The hybrid MCMC method based on partitions is similar in spirit to the sampling in the space of orders of Friedman and Koller (2003) which actually acts on the space of triangular matrices. Scoring all the DAGs in a given partition therefore possibly has similar potential to greatly improve the mixing properties of the chain produced, with the advantage of avoiding the bias inherent in the order version of acting on a different space. The local changes in partition elements could also possibly propose structures which are in some sense close in the space of graphs while other moves based on the combinatorial structure might be tuned to the local scores. Since neither the original MCMC on network structures nor the order version appear to be completely satisfactory in practice (Grzegorczyk and Husmeier 2008) the possibilities outlined above seem promising.

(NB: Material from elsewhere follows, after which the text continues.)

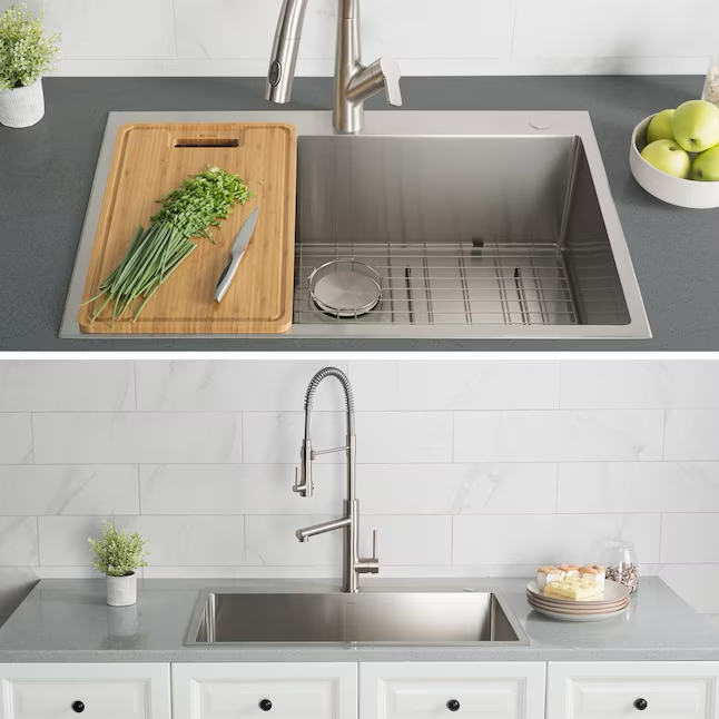 Conocidos por su calidad excepcional, los fregaderos Standart PRO cuentan con esquinas contemporáneas de radio estrecho y ranuras de canal diseñadas para un drenaje superior. El diseño de montaje doble le permite instalar este fregadero como mueble bajo encimera o empotrado en cualquier tipo de encimera de cocina. Todo el hardware de montaje está incluido para una fácil instalación.

Interpreted as Bayesian networks with random variables placed on each node, DAGs encode conditional independencies of multivariate distributions. However, several DAGs might encode he same set of conditional independencies, meaning that they typically cannot be uniquely identified from data. The set of DAGs with the same probability distribution, also known as the Markov equivalence class, can be represented by an essential graph (Andersson et al. 1997) or a completed partially DAG. In practice, it might be desirable to sample equivalence classes and work on the space of essential graphs as opposed to DAGs. However, although essential graphs can now be counted, the current formula takes exponential time and their number is therefore only known up to n=13 (Steinsky 2013). Previously, essential graphs had only been counted by running through all possible DAGs for n≤10 (Gillispie and Perlman 2002) with the n=10 term corrected in sequence A007984 of Sloane (2013).

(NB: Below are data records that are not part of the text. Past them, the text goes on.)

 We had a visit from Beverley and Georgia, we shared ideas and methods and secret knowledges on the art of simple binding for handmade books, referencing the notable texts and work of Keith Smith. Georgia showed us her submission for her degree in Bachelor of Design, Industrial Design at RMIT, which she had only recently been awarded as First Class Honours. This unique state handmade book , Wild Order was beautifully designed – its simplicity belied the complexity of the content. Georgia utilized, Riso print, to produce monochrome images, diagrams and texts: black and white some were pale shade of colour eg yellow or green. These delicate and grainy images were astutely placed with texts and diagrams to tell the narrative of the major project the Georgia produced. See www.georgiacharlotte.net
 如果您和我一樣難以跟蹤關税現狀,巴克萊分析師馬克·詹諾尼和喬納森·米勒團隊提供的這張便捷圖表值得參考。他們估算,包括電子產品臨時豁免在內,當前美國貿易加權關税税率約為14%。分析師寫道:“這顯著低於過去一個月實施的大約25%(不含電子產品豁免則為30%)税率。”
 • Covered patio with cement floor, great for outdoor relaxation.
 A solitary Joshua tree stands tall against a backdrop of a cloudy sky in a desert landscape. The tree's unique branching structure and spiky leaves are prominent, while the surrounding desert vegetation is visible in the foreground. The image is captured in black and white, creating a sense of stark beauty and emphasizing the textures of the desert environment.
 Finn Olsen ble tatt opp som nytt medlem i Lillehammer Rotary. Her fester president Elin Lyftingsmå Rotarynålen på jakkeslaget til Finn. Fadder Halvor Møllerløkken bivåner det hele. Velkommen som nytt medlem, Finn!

MCMC methods can be restricted to the space of essential graphs, for example an implementation of the general framework of Madigan and York (1995) was given in Madigan et al. (1996) while a Markov chain algorithm specifically targeted at uniform sampling was developed by Peña (2007). Comparing to the Markov chain for sampling DAGs uniformly (Melançon et al. 2001; Scutari 2010) the algorithm for essential graphs is notably slower, taking a similar time to make each step for an essential graph with about 20 or 30 nodes as for a DAG with 100. Although no convergence details are given, only a very small fraction of the proposed moves result in an essential graph suggesting that the convergence would also be much slower than for DAGs.

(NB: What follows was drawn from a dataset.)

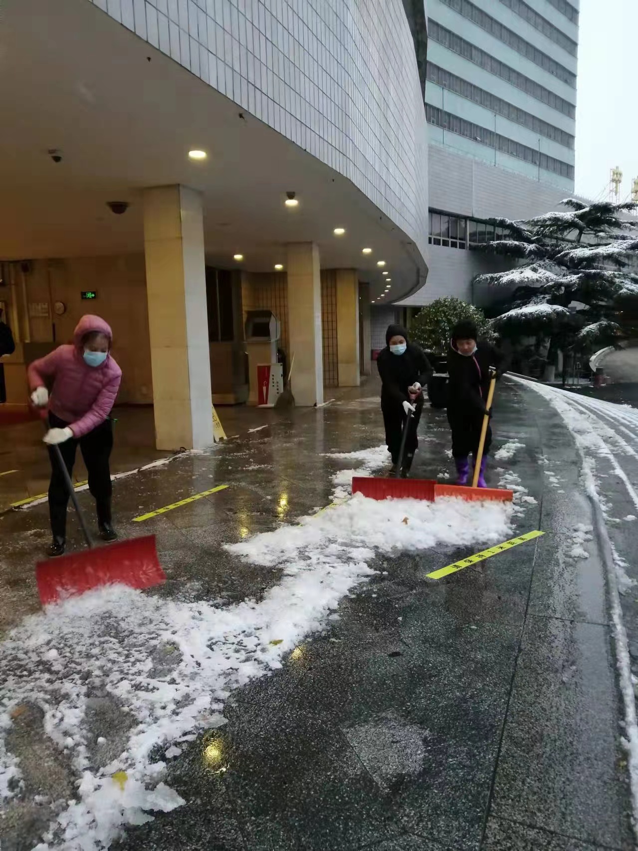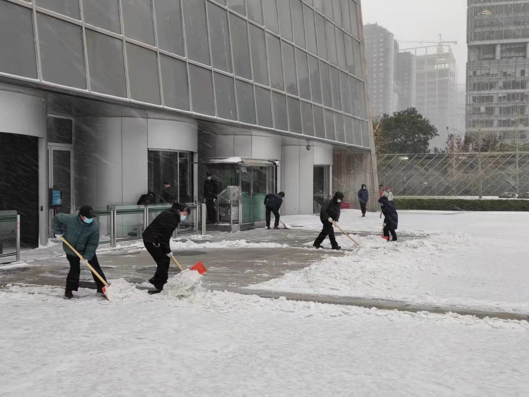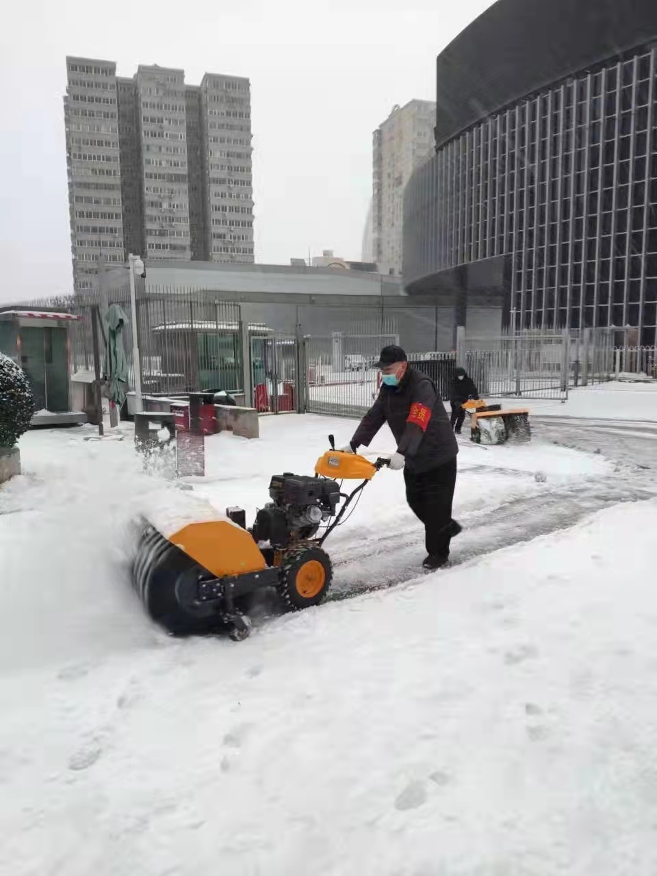 為最大限度地減少降雪天氣對業(yè)主出行造成的影響,公司安委會密切關(guān)注氣象預警,第一時間轉(zhuǎn)發(fā)寒潮、大風、暴雪、道路結(jié)冰黃色預警信息,在京各項目立即啟動雪天應急預案,積極投入到掃雪除冰工作中,在主要通道噴灑融雪劑,樓門入口鋪設防滑墊,設立“小心地滑”提示牌,出動三百余人次,利用推雪板等各種掃雪工具進行清理。

Although little is known about the exact number of essential graphs beyond the results in Steinsky (2013), the number of essential graphs which are also DAGs is known (Steinsky 2003). More importantly, the asymptotic ratio of the number of DAGs to those which are essential graphs is under 13.7 (Steinsky 2004). Since there are more essential graphs than just those which are also DAGs, 13.7 is a bound on the average number of DAGs corresponding to each essential graph, while the actual ratio seems to be less than 4. With such a low bound, it might be worth thinking of rejection or importance sampling strategies, starting from the uniform DAG generation discussed here, possibly leading to a simple and more efficient alternative for sampling essential graphs.